Matrix Multiplication with Individual Elements

$M =\begin{bmatrix}a_1&b_1\\c_1&d_1\end{bmatrix} \begin{bmatrix}a_2&b_2\\c_2&d_2\end{bmatrix} =\begin{bmatrix}a_1a_2+b_1c_2&a_1b_2+b_1d_2\\c_1a_2+d_1c_2&c_1b_2+d_1d_2\end{bmatrix} .$

$M =\begin{bmatrix}\begin{pmatrix}a_1\\c_1\end{pmatrix}&\begin{pmatrix}b_1\\d_1\end{pmatrix}\end{bmatrix} \begin{bmatrix}a_2&b_2\\c_2&d_2\end{bmatrix} =\begin{bmatrix} \begin{pmatrix}a_1\\c_1\end{pmatrix}a_2+\begin{pmatrix}b_1\\d_1\end{pmatrix}c_2& \begin{pmatrix}a_1\\c_1\end{pmatrix}b_2+\begin{pmatrix}b_1\\d_1\end{pmatrix}d_2 \end{bmatrix} =\begin{bmatrix} \begin{pmatrix}a_1a_2+b_1c_2\\c_1a_2+d_1c_2\end{pmatrix}& \begin{pmatrix}a_1b_2+b_1d_2\\c_1b_2+d_1d_2\end{pmatrix} \end{bmatrix} .$

$M =\begin{bmatrix}a_1&b_1\\c_1&d_1\end{bmatrix} \begin{bmatrix}\begin{pmatrix}a_2&b_2\end{pmatrix}\\\begin{pmatrix}c_2&d_2\end{pmatrix}\end{bmatrix} =\begin{bmatrix} a_1\begin{pmatrix}a_2&b_2\end{pmatrix}\\+b_1\begin{pmatrix}c_2&d_2\end{pmatrix}\\\\ c_1\begin{pmatrix}a_2&b_2\end{pmatrix}\\+d_1\begin{pmatrix}c_2&d_2\end{pmatrix} \end{bmatrix} =\begin{bmatrix} \begin{pmatrix}a_1a_2+b_1c_2&a_1b_2+b_1d_2\end{pmatrix}\\ \begin{pmatrix}c_1a_2+d_1c_2&c_1b_2+d_1d_2\end{pmatrix} \end{bmatrix} .$

$M= \begin{bmatrix}\begin{pmatrix}a_1\\c_1\end{pmatrix}&\begin{pmatrix}b_1\\d_1\end{pmatrix}\end{bmatrix} \begin{bmatrix}\begin{pmatrix}a_2&b_2\end{pmatrix}\\\begin{pmatrix}c_2&d_2\end{pmatrix}\end{bmatrix} =\begin{pmatrix}a_1\\c_1\end{pmatrix}\begin{pmatrix}a_2&b_2\end{pmatrix} +\begin{pmatrix}b_1\\d_1\end{pmatrix}\begin{pmatrix}c_2&d_2\end{pmatrix} =\begin{bmatrix}a_1a_2&a_1b2\\c_1a_2&c_1b_2\end{bmatrix} +\begin{bmatrix}b_1c_2&b_1d2\\d_1c_2&d_1d_2\end{bmatrix} .$

Note: The above can be generalised to $\begin{bmatrix} \Ket{\psi_1}~\Ket{\psi_2}~\ldots~\Ket{\psi_n} \end{bmatrix} \begin{bmatrix} \Bra{\phi_1}\\\Bra{\phi_2}\\\vdots\\\Bra{\phi_n} \end{bmatrix} =\sum_{k=1}^n\Ket{\psi_k}\Bra{\phi_k} ,$

which is different from $\left(\sum_{i=1}^n\Ket{\psi_i}\right)\left(\sum_{j=1}^n\Bra{\phi_j}\right) =\sum_{i,j=1}^n\Ket{\psi_i}\Bra{\psi_j} .$ (This does not make much physical sense.)

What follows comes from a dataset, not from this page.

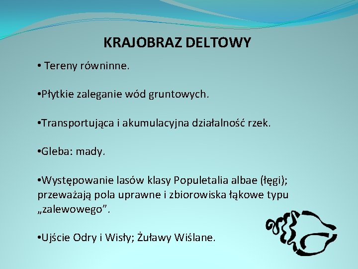KRAJOBRAZ DELTOWY • Tereny równinne. • Płytkie zaleganie wód gruntowych. • Transportująca i akumulacyjna działalność rzek. • Gleba: mady. • Występowanie lasów klasy Populetalia albae (łęgi); przeważają pola uprawne i zbiorowiska łąkowe typu „zalewowego”. • Ujście Odry i Wisły; Żuławy Wiślane.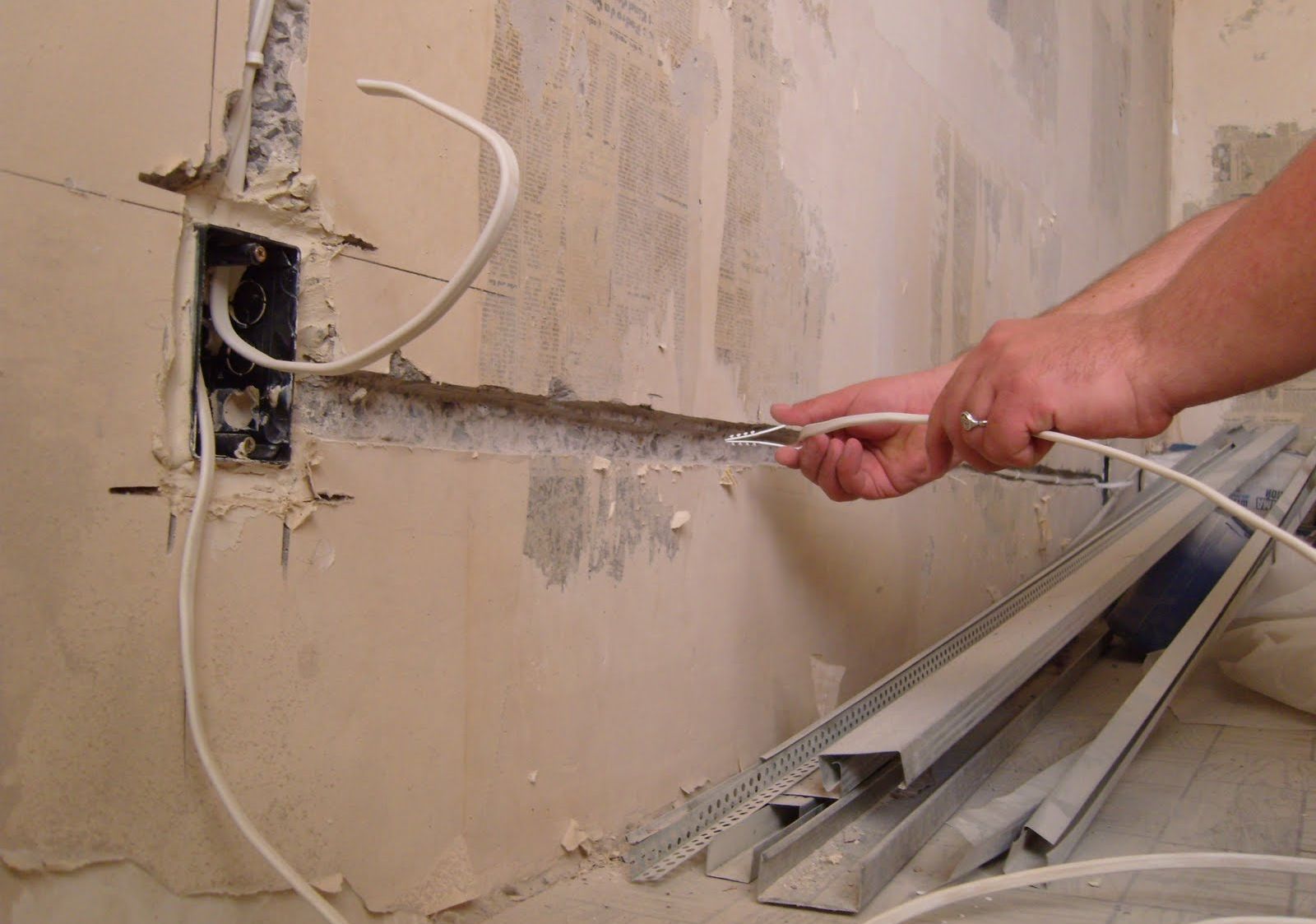 - Démontage du câblage. Dans certains cas, il n'est pas possible de retirer les anciens fils, ils peuvent alors être laissés dans le mur. Les anciens câbles doivent être déconnectés du blindage, leurs extrémités doivent être isolées.

Multi-Column-Vector Matrix Multiplication

$M=\{\Ket{\psi_1},\Ket{\psi_2},\ldots,\Ket{\psi_n}\} =\sum_{k=1}^n\Ket{\psi_k}\Bra{I_k}$ and $N=\{\Ket{\phi_1},\Ket{\phi_2},\ldots,\Ket{\phi_n}\} =\sum_{k=1}^n\Ket{\phi_k}\Bra{I_k}$,
where $\Bra{I_k}$ is the $k^\mathrm{th}$ row of the $n\times n$ identity matrix $I$.

$M^\dagger=\sum_{k=1}^n\Ket{I_k}\Bra{\psi_k}$ and $N^\dagger=\sum_{k=1}^n\Ket{I_k}\Bra{\phi_k}$, where $\Ket{I_k}$ is the $k^\mathrm{th}$ column of the $n\times n$ identity matrix $I$.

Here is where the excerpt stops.